Hypothesis test: decide the test variable ic in normal distribution.

Question

I know that the test variable is based on the estimation of the parameter. So, if we have an sample of size $n$ from $N(\mu,\sigma^2)$, $\sigma^2$ known, and want to test $H_0: \mu=\mu_0$, then the test variable can be $$T=\mu^*$$ which is same as$$T=\frac{1}{n}\sum_{i=1}^{n}x_i$$ But since T is an observation of $T(X)$~$N(\mu,\sigma^2/\sqrt{n})$, we can use standardized normal distribution and use the test variable $$Z=\frac{\frac{1}{n}\sum_{i=1}^{n}x_i-\mu}{\sigma/\sqrt{n}}$$ instead. This test variable is an observation of $$Z(X)=\frac{\frac{1}{n}\sum_{i=1}^{n}X_i-\mu}{\sigma/\sqrt{n}}$$ which is ~$N(0,1)$ if $H_0$ is true. Are my reasonings right?

Answer 1

Your algebra is OK, but since you're in some doubt (and you need some practice with notation), lets use an example as a reality check.

Suppose $H_0:~\mu = 0,$ $H_A:~\mu = 10,$ and $\sigma = 5$. Then the test statistic can be either $T = \bar X \sim N(0, 25)$ or $Z = \sqrt{n}(\bar X - 0)/\sigma$ (using the usual letter Z for a standard normal random variable). We illustrate both methods below.

In particular, suppose $n = 16$ and we have the random sample generated below from the distribution $N(0, 25)$, using R software:

n = 16; x = round(rnorm(16, 0, 5), 3); x}

[1] 1.075 -0.911 -2.727 2.503 -1.184 5.492 -10.033 8.497 1.233

[10] -4.827 -6.928 8.076 4.591 1.499 1.673 5.942

mean(x)

[1] 0.8731875

Thus, rounded to three places, $T = \bar X = 0.873$. (BTW, notice that this software uses the standard deviation instead of the variance in its notation for the normal distribution.)

Test using the sample mean. For a test at the 5% level, the critical value separating the Acceptance region at left from the Rejection region at right, would be found by cutting off 5% from the upper tail of the distribution $N(0, 25/16)$. You could use software to find the critical value or standardize and use printed normal tables. The critical value is $T_c = 2.056$. (In R, the code 'qnorm(.95, 0, 5/4)' returns 2.056067. Check with your favorite software or use normal tables.) In our case, $T = 0.873 < T_c = 2.056,$ so we do not reject the null hypothesis $H_0$.

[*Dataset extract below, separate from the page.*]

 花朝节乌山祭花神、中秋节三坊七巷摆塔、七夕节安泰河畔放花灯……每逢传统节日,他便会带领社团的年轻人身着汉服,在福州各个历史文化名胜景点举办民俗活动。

Using the standard normal distribution. Now, using the standardized version of the test statistic, we have $Z = (0.873 - 0)/(5/4) = 0.6984$ and in terms of the standard normal distribution the critical value is $Z_c = 1.645$. Again, we do not reject the null hypothesis because $Z = 0.6984 < Z_c = 1.645$.

Generally, statisticians prefer the latter method. After some experience, this exact testing situation will have arisen enough times that a statistician remembers "the critical value for a z-test of a null hypothesis against a right-sided alternative at the 5% level is 1.645." So as soon as he/she sees the test statistic Z, the conclusion (whether or not to reject) is obvious.

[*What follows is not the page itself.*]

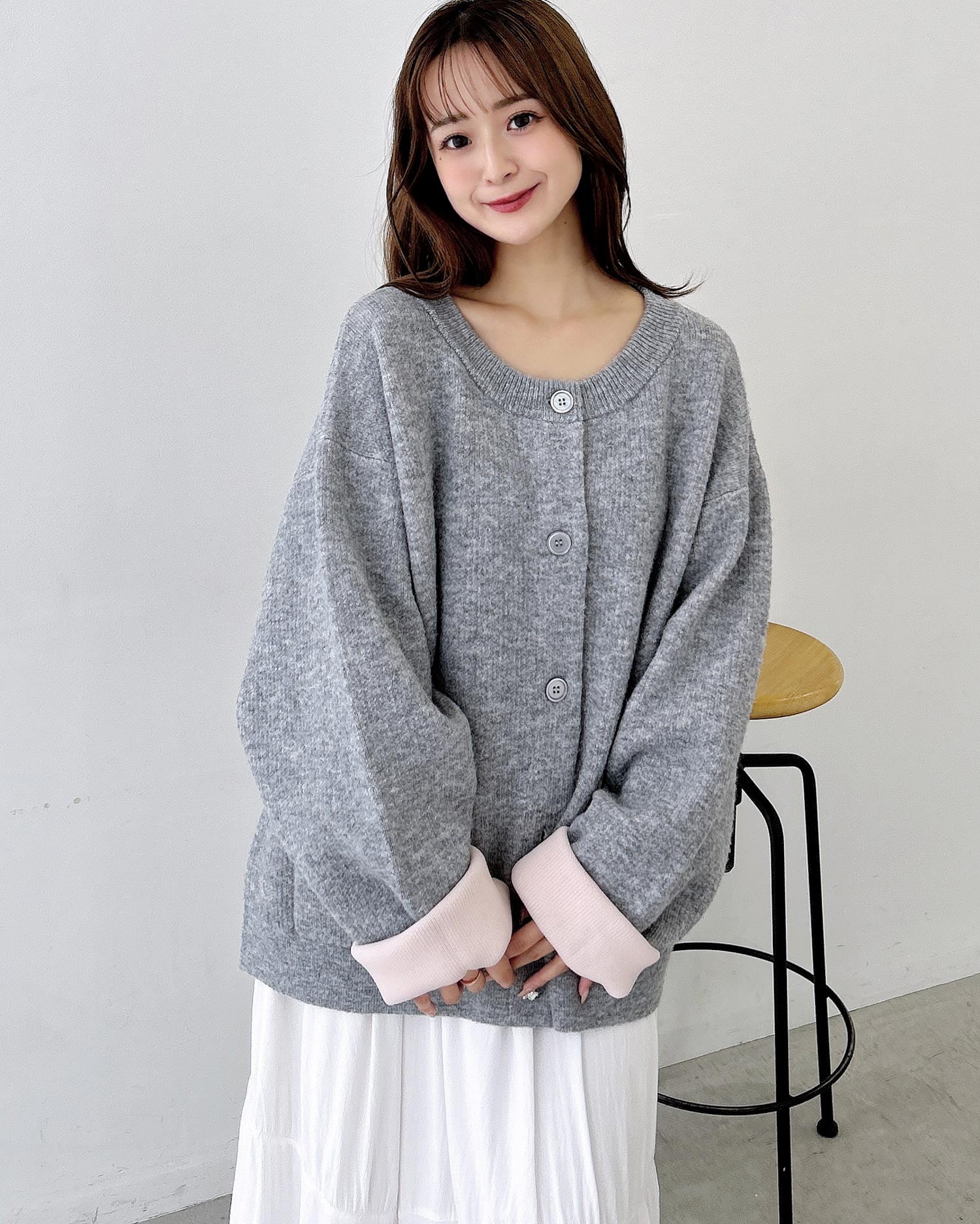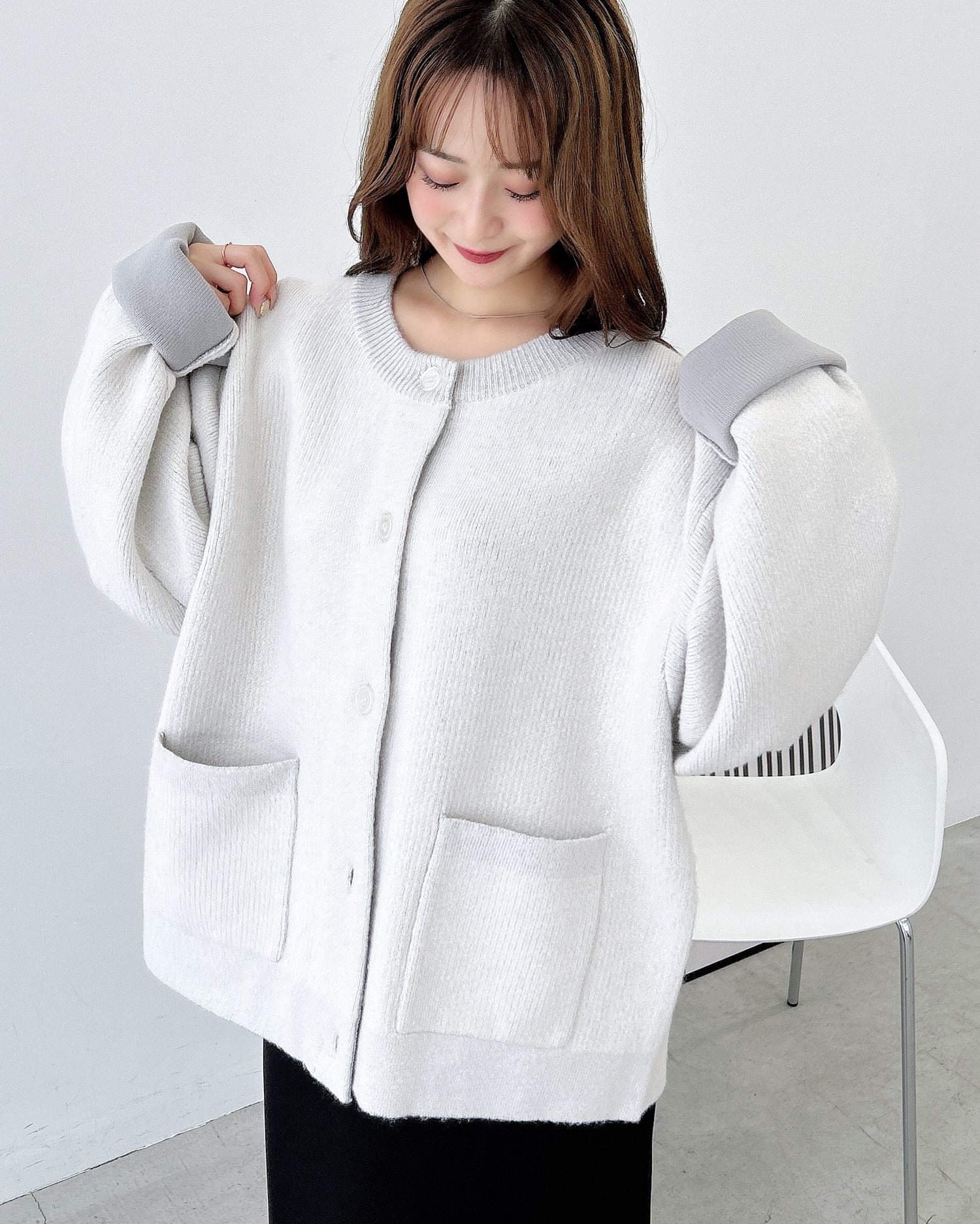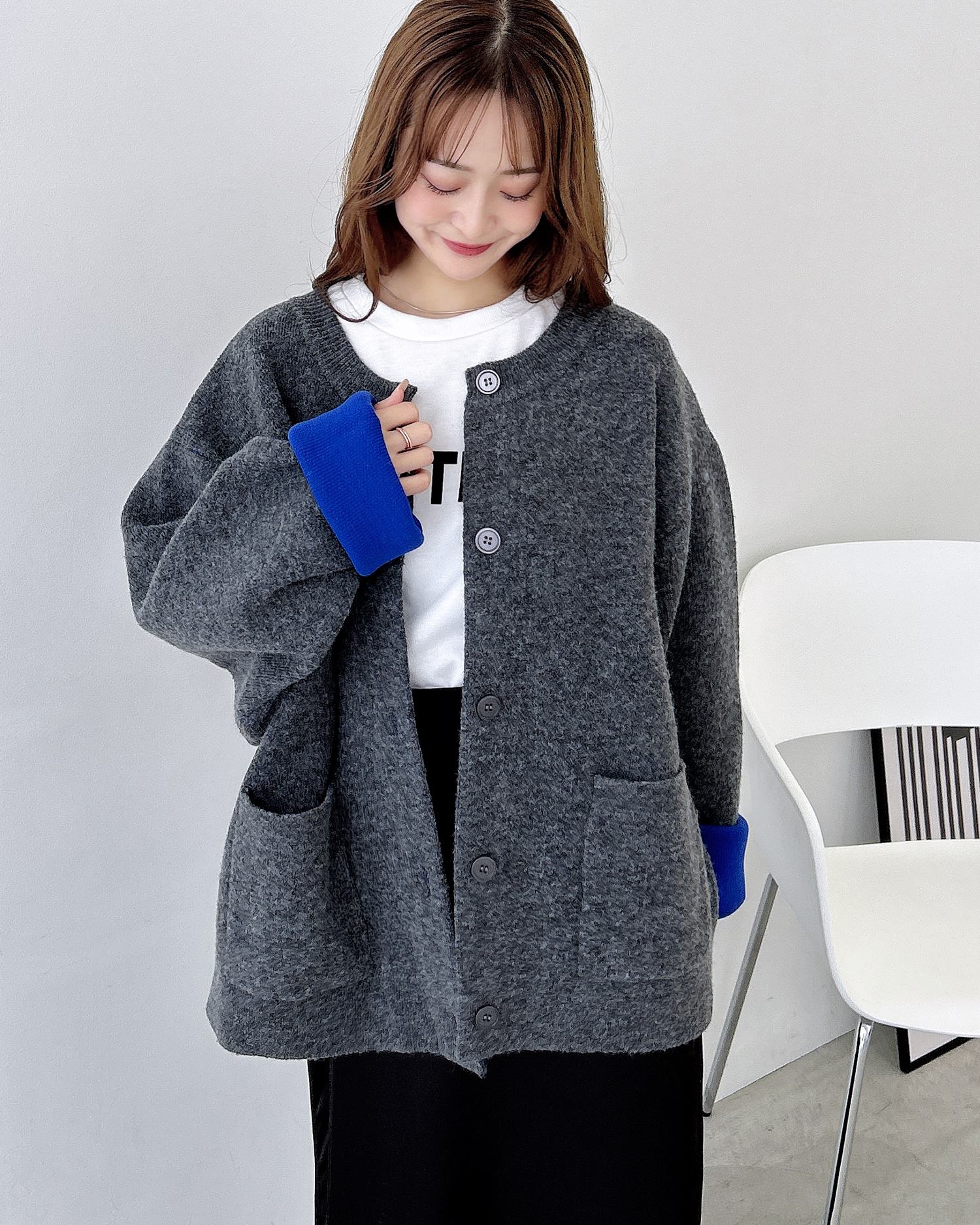 バイカラーがアクセント!秋冬定番ニットカーディガン。

P-value. While we're at it, I'll mention that the P-value for this particular test and data is the area under the standard normal curve to the right of 0.6984. The answer is 0.2425 or about 25%. For a test at the 5% level of significance, any P-value LESS than 5% leads to rejection of the null hypothesis. (Can you figure out how to find this P-value?)

Why this test is "right-sided. Notice that we never used the exact value of $\mu_A$ in any of the computations above. We did, however, use the fact that $\mu_A > \mu_0$ to know that this is a RIGHT-tailed test and that we need to to look in the RIGHT tail of the normal distribution to find the critical value. (Can you figure out how the tests change if $\mu_0 = 10$ and $\mu_A = 0$? And whether you'd reject, using exactly the same data as above?)